Оказывается, с 1929 года по 1931 мама занималась еще «на спецкурсах иностранных языков при 25 школе БОНО и закончила их в 1931 году». Кроме общеобразовательных предметов «Мушкина Нина проработала и приобрела знания и навыки в объеме курса, установленного программами МОНО для спецкурсов иностранных языков по следующим специальным предметам: по немецкому языку, по английскому языку».

А вот общественная работа, в которой мама «участвовала в школе и вне школы: редколлегия школьной стенгазеты; редколлегия бюллетеня Осоавиахима и Безбожника; редколлегия классного бюллетеня; легкая кавалерия — член штаба и ответственный за бюллетень; учетчик соцсоревнования; редактор журнала «Чернильный колхоз».

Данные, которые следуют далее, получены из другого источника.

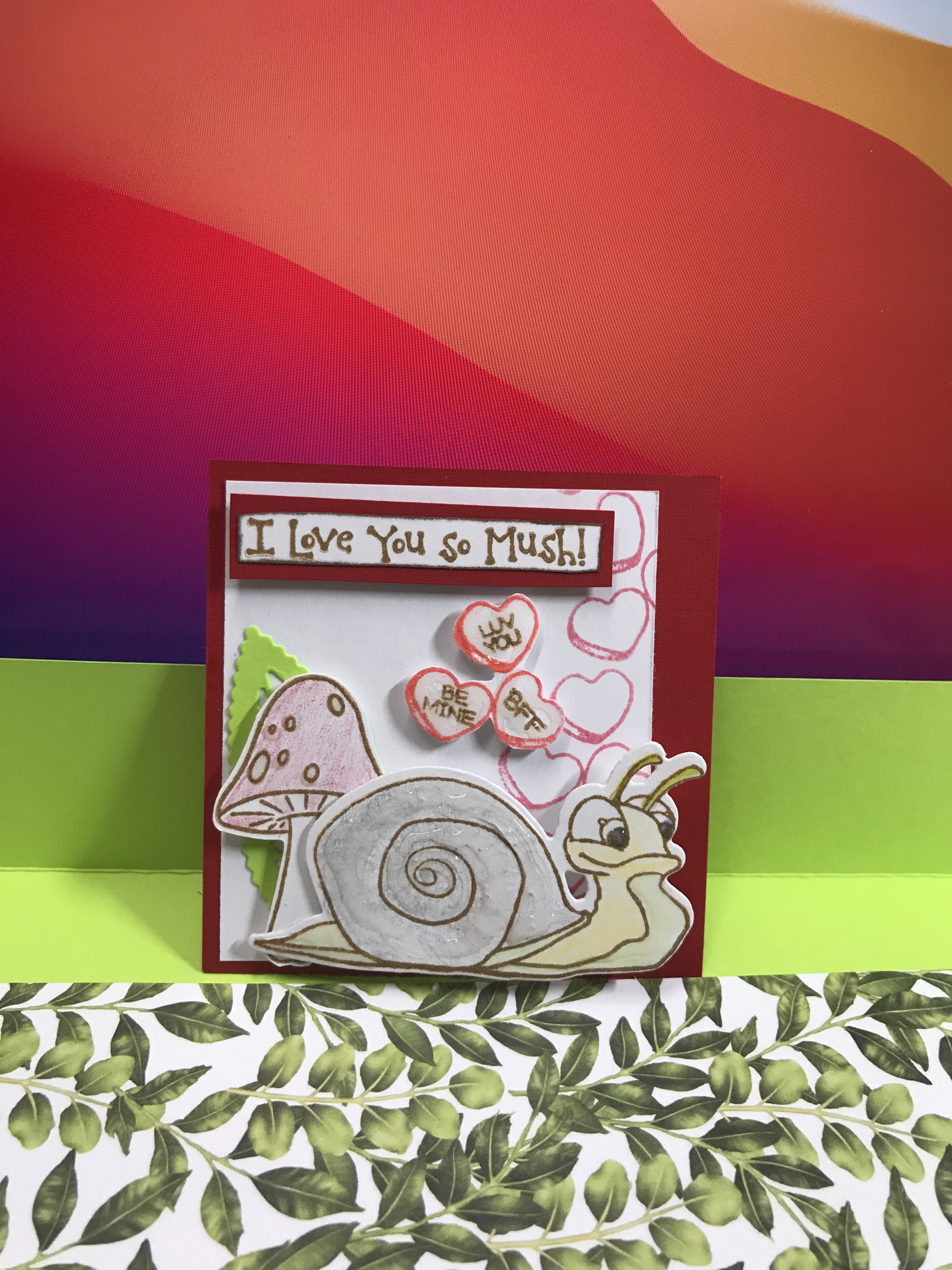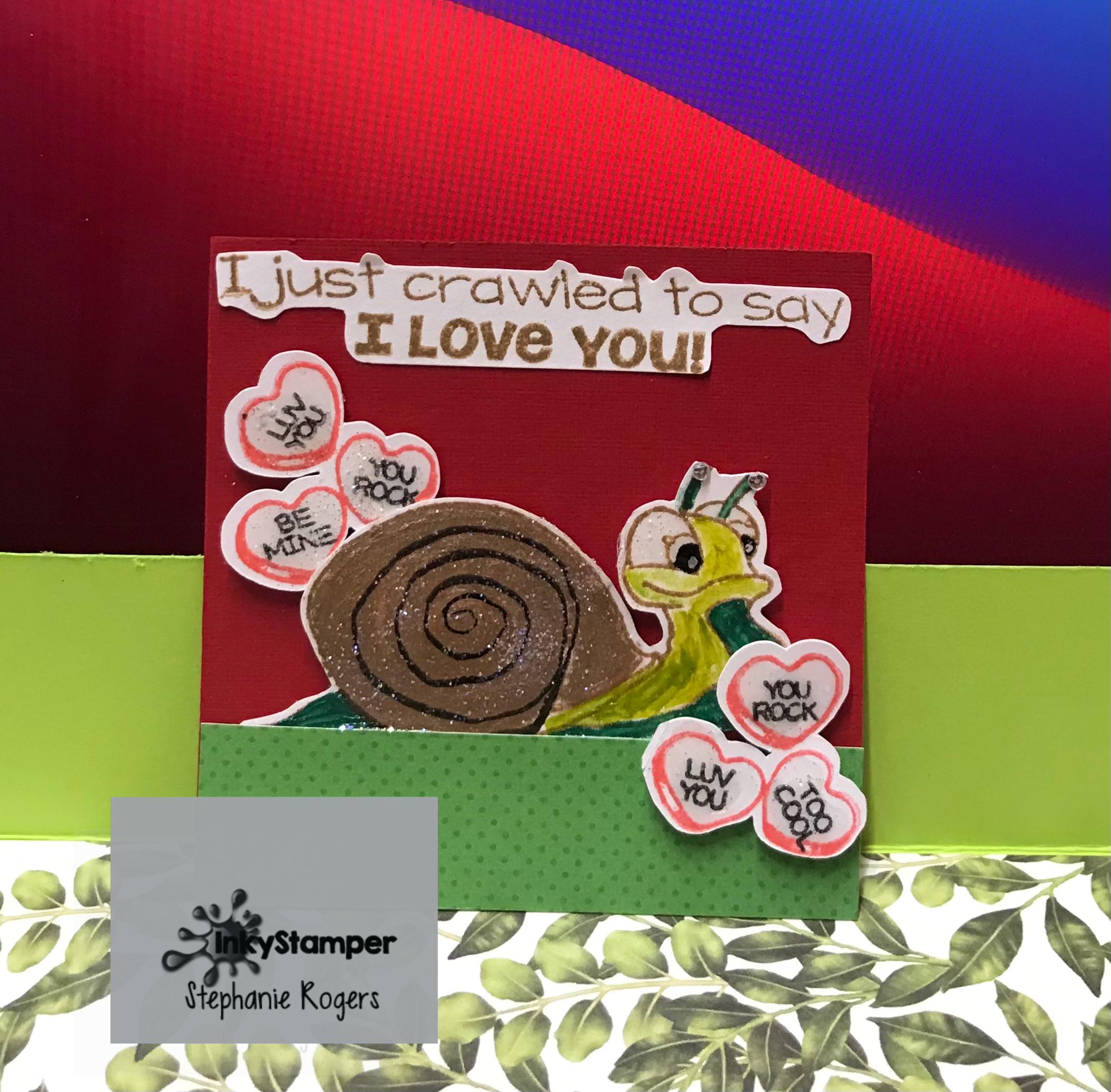 Made with CardStock from my scrap stash, InkyStamper’s Snail Stamp Set, BJ009,Nuvo Ink,Nuvo Watercolor pencils, Nuvo Crystal Glaze, foam Adhesive and craft glue.CardStock from my scrap stash, Inky Stampers Snail Stamp and Die set: BJ009, colored with Nuvo Ink, Nuvo Expanding Mousse and TCW Stencil butter. Nuvo Crystal Glaze and fine glitter from my stash.

...Он лежит передо мной, этот журнал, N 1, орган литературного кружка 8-ых групп 41-й школы БОНО, — апрель 1930 года. Обложка залита чернилами. Знакомый недавно сказал: «Жалко — испортили». Не понял: клякса — оформительный элемент, «лицо» журнала. Стихи, литературная викторина, ребус... Обращение к читателю написано рукой мамы; её почерк: «Для чего нам нужен ЛитЖурнал?..»

И еще лежат передо мной пять альбомов с фотографиями маминых одноклассников. Снимки аккуратно подписаны: первый ряд, второй, третий...

На одной фотографии, рядышком, удивительная троица: Зина Баталова, Лёля Алексеева, Кити Шевелева.

То, что Зина из знаменитой семьи Баталовых, я знала. Это целый актерский клан; подробно о нем рассказывает Алексей Баталов в книге «Судьба и ремесло». Но кто же все-таки она, Зина? Мама говорила, что в их компанию входила и Муся Баталова; они вместе справляли день рождения.

Разобралась. Их было четверо детей. Два брата, Николай и Владимир. Первый женился на Ольге Андровской («тетя Леля», как называет ее Алексей Баталов), второй — на актрисе театра Советской армии Нине Ольшевской. Это родители Алексея. Видимо, чтобы не путали с братом, Владимир взял себе псевдоним Аталов.

И две сестры — Мария, в замужестве Щербинина, и Зинаида.

Мария пришла в театр сразу, а Зина о сцене, вроде бы, и не помышляла. Училась в геолого-разведочном институте, работала лаборанткой на кафедре физики МГУ. И все же, в 1935 году тоже оказалась во МХАТе. Играла Татьяну Хрущ в спектакле «Любовь Яровая», Тильтиль, а потом Митиль в «Синей птице», модистку в «Школе злословия», беспризорницу в «Кремлевских курантах». Кстати, обе эти роли — модистку и беспризорницу, играла и Мария Баталова. Сестры как бы сменяли друг друга! А когда-то Митиль играла Алиса Коонен!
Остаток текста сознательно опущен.